The Conservative win has been seen as good for economic growth, but it remains to be seen whether all sectors will benefit. The election could have a major impact on Britain’s banking sector.

In a recent article by Philip Augar, a non-executive director at TSB, he said a huge number of American bankers based themselves in the UK in 2006. They found it easier to conduct business in Britain than in the USA. London was the place to be for financial institutions.

However, after the banking crisis, which is still being felt today, many of them returned to America. London was no longer seen as a ‘soft touch’, and new regulations for banks meant many of the benefits of being based in the UK were lost.

Fears That Banks Could Move from London

Previous measures such as a tax on bankers’ bonuses, tax-relief cuts and a bank levy have been very unpopular with the big financial corporations with headquarters in London. Some have already talked about getting out.

A report in the Telegraph says several investors have asked Standard Chartered to think about moving abroad.

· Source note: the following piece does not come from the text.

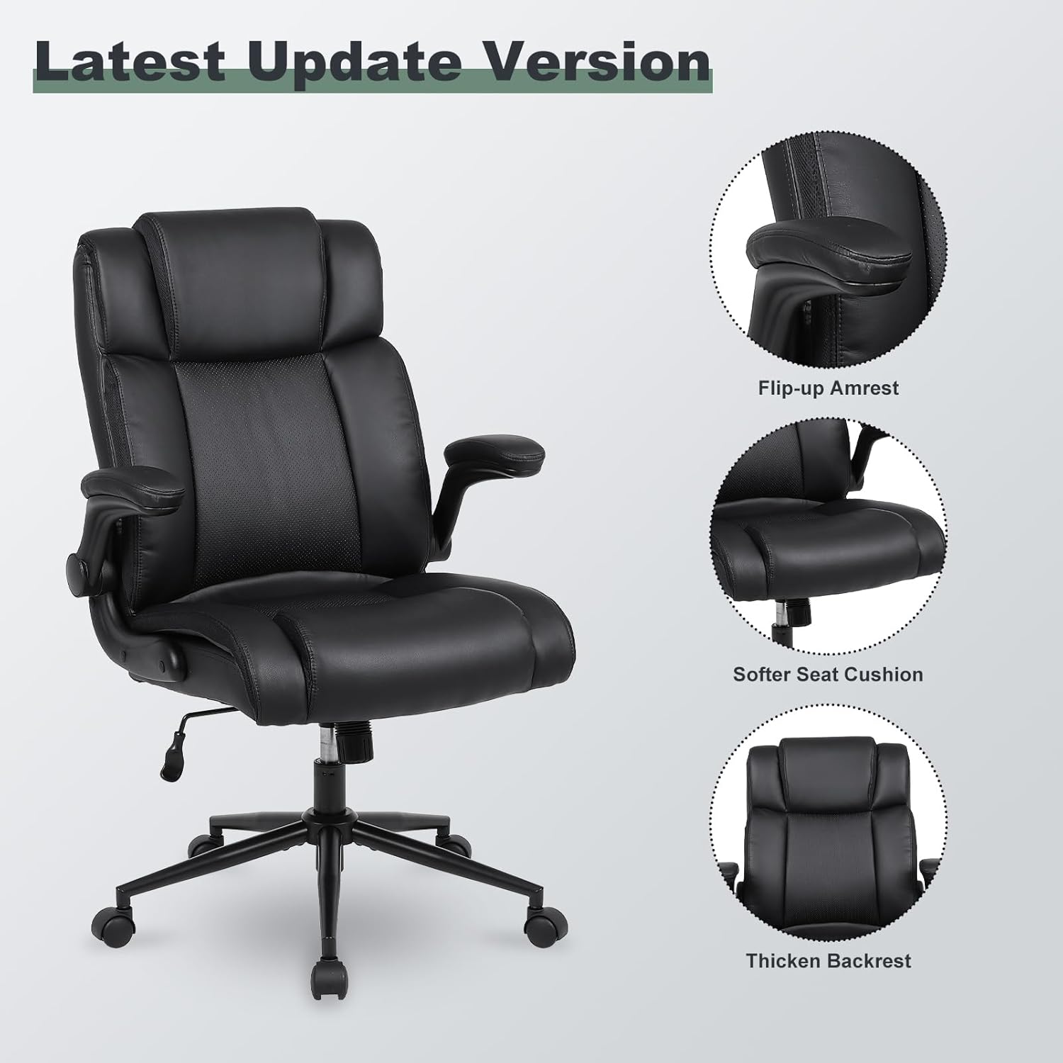 Office Chair Adjustable Desk Chair Mid Back Executive Comfortable Bonded Leather Ergonomic Back Support Home Computer Chair with Padded Flip-up Armrest Swivel Wheels (Black)
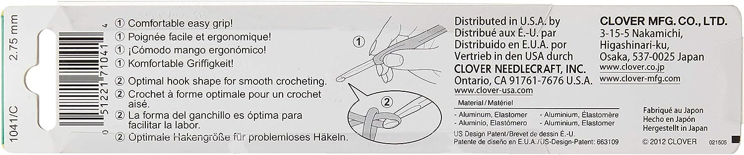 The Clover 1041/C Amour crochet hook is engineered to be the best hook ever. The incredibly smooth hook allows yarn to slide effortlessly and the new elastomer handle makes crocheting comfortable and stress free. These crochet hooks have color coded handles for easy size identification. This one is size C (2.75mm) and the handle color is yellow.

If banks decide this is the right option for them, not only does London lose its position as a financial powerhouse, but the UK will lose hundreds of millions of pounds in tax each year. HSBC is another major player looking at moving its domicile from London.

Others will be waiting to see the outcome of the UK’s referendum on Europe, with many financial institutions, such as Goldman Sachs, reportedly saying they will move their European headquarters out of London if Britain votes to pull out of the EU.

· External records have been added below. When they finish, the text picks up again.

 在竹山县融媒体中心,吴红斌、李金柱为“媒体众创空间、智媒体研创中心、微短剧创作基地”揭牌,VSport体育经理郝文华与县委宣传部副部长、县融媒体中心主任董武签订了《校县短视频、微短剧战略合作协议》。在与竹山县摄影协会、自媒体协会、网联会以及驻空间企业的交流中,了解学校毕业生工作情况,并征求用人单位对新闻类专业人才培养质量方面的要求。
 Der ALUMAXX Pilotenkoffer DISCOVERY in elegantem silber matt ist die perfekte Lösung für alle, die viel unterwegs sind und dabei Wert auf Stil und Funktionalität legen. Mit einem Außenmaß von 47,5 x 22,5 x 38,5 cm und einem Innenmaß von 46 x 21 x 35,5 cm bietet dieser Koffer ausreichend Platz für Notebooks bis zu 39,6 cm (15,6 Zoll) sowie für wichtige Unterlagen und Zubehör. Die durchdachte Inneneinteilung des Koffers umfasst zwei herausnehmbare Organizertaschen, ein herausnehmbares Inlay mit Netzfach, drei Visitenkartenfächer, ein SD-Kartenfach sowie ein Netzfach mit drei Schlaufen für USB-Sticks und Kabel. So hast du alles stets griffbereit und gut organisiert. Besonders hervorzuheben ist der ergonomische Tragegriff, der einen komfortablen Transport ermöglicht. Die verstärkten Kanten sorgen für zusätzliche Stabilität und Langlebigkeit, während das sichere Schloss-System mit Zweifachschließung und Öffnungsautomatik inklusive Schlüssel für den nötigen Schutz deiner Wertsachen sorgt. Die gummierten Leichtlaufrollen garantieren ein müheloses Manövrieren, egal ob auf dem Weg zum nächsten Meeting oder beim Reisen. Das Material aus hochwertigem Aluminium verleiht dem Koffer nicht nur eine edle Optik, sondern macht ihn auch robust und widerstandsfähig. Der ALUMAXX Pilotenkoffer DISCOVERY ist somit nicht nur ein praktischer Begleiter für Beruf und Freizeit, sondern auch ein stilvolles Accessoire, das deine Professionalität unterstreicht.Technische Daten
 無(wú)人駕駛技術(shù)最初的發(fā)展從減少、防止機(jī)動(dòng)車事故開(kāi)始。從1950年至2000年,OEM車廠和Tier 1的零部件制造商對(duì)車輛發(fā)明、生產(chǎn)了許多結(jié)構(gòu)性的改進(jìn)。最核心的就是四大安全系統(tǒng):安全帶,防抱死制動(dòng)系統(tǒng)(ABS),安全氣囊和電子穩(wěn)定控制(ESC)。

Ireland could be one alternative, as it is in the Eurozone, is English speaking and has favourable tax rates for businesses. One drawback is that Dublin may not have the capacity to accommodate the banks.

Britain Needs to Keep Top Financial Institutions

Britain cannot afford to lose the considerable amount of tax paid by the corporate institutions as well as by their employees. Lobby group TheCityUK claims there were 143,500 banking professionals in London at the end of 2014, so that is a considerable amount of money and tax they are spending within the country.

One step could be to review the banking levy. There is no point having a stringent levy to raise money if there are fewer financial companies left in the UK to pay it. The government also needs to lobby hard to make sure it remains part of Europe.

Despite this, there are advantages to having a London HQ. Historically, London has been the centre of finance, and its long-established reputation as a business hub still stands it in good stead. English is also the international language of commerce, and its time zone makes it favourable to the Asian market. The London Stock Exchange is one of the largest and oldest in the world, and bankers love the buzz of living in the capital city. The question is whether these are good enough reasons to stay.